Aku memutar kedua mataku. "Kalian berbicara seolah-olah kalian berdua tak terkenal di sekolah ini?"
Halooo? Hinata dan Ino juga terkenal di sekolah. Bagaimanapun aku juga mengetahui perkembangan gosip saat ini.
.
Jam delapan malam adalah jam yang kutunggu-tunggu setiap hari.
HP-ku bergetar pelan.
1 new inbox.
Open / Close
Aku memencet tombol buka.
08.12 PM
From : Uchiha Sasuke
Hei. Sedang apa?
Aku tersenyum kecil. Hatiku berdetak cepat.
.
Masalah mulai nampak seminggu setelah aku bersekolah di sini. Beberapa cewek lain mulai mengusiliku. Mulai dari menyembunyikan buku catatanku sampai menaruh paku payung di kotak sepatuku.
.
Dua bulan setelah mulai sekolah, sekolah libur tiga hari karena ada rapat! Aku, Hinata, Ino, Sasuke, Neji, dan Itachi-nii pergi ke villa Ino yang ada di atas gunung. Udara di sana sangat sejuk.

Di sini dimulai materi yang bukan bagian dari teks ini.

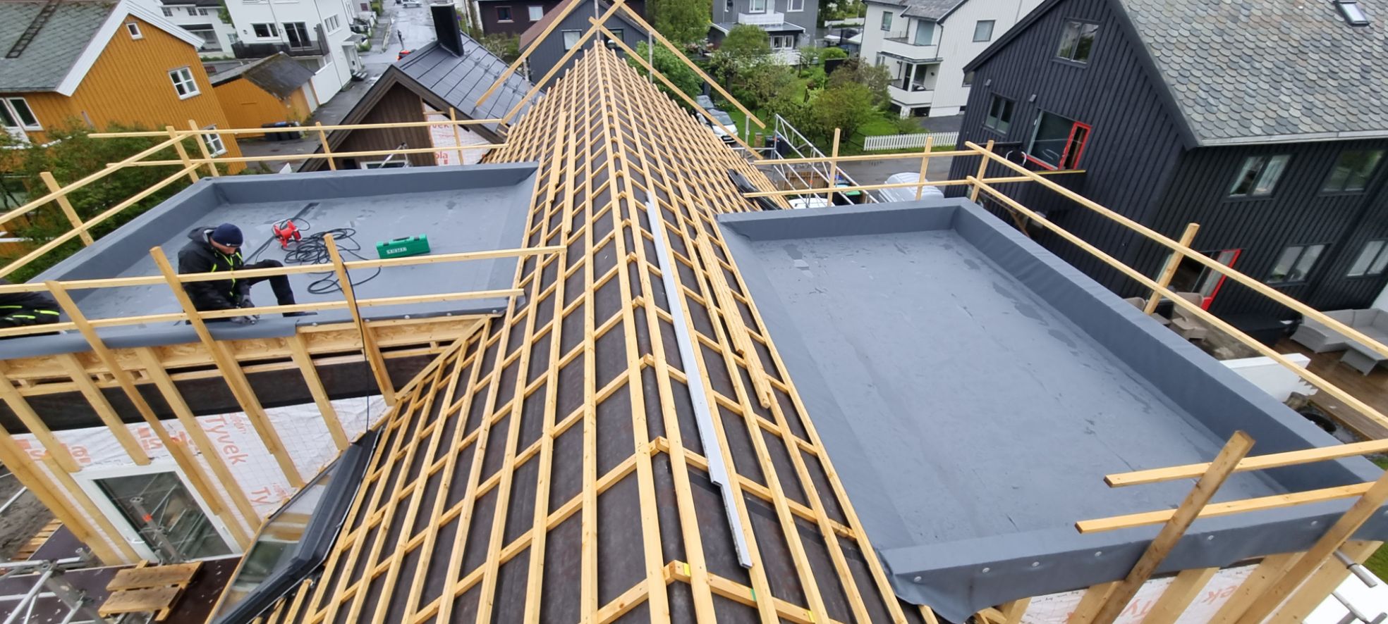 Tak isolert og tekket med Pvc og Bitumen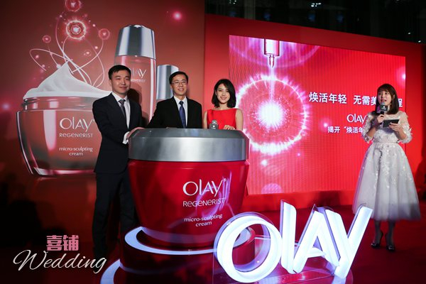 高圆圆与宝洁高层、湘潭步步高高层一同点亮Olay大红瓶。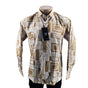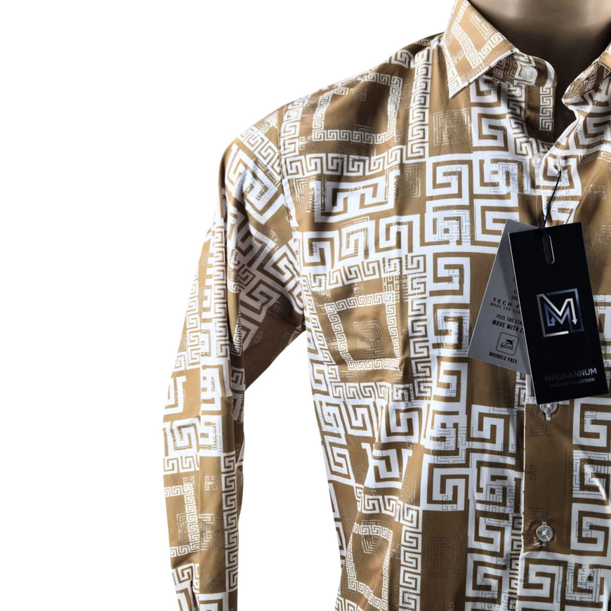 Megaannum - Geometric Print Slim Fit Long Sleeve Casual Shirt – Beige Gold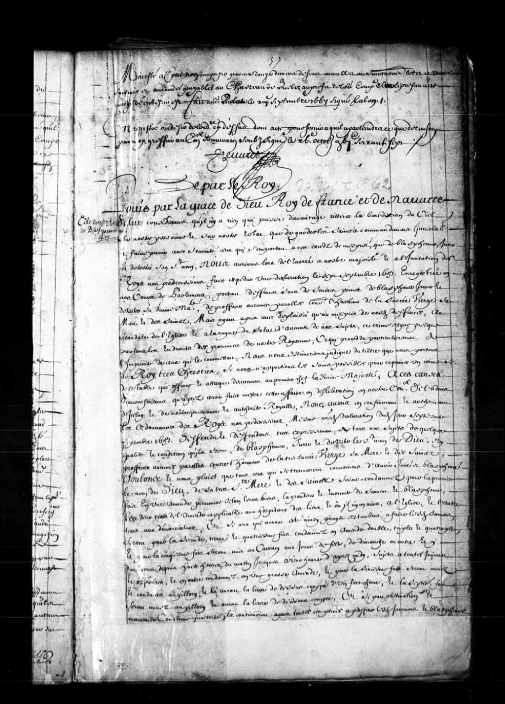 Édit du Roi contre les blasphémateurs, 30 juillet 1666, Archives nationales à Québec, Fonds Conseil souverain, (03Q,TP1,S36,P69).

Sepulang dari villa, Ino sepertinya mulai menjauhiku, begitu pula Sasuke. Keduanya mengabaikanku baik saat aku menyapa mereka maupun mengirimi mereka sms.
Apa lagi salahku kali ini?
.
Aku tak bisa bernafas.
Ino menamparku.
"Kau masih bisa bertanya kenapa aku membencimu? Demi Tuhan, jangan dekati Sasuke. Kau tak puas hanya menggoda cowok biasa, kau bahkan menggoda Sasuke-KU! Hentikan mengiriminya sms ganjenmu itu! SASUKE ITU MILIKKU!"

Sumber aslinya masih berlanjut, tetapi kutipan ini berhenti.